Data to process:
+-------+
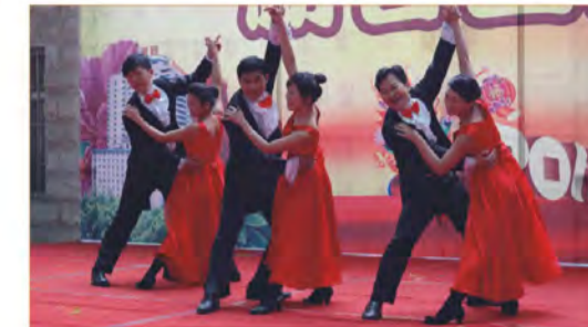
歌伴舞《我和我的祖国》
+-------+
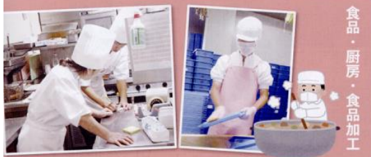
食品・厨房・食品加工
+-------+
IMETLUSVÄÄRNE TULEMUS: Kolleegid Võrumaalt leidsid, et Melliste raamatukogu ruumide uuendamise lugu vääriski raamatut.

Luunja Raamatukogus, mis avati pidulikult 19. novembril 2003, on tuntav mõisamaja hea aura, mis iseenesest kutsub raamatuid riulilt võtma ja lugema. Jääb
+-------+
Task to complete: Beginning with the line that has "IMETLUSVÄÄRNE TULEMUS: Kolleegid" and ending with the line that has "Luunja Raamatukogus, mis", set down the lines above exactly and include no others.

Completed task:
IMETLUSVÄÄRNE TULEMUS: Kolleegid Võrumaalt leidsid, et Melliste raamatukogu ruumide uuendamise lugu vääriski raamatut.

Luunja Raamatukogus, mis avati pidulikult 19. novembril 2003, on tuntav mõisamaja hea aura, mis iseenesest kutsub raamatuid riulilt võtma ja lugema. Jääb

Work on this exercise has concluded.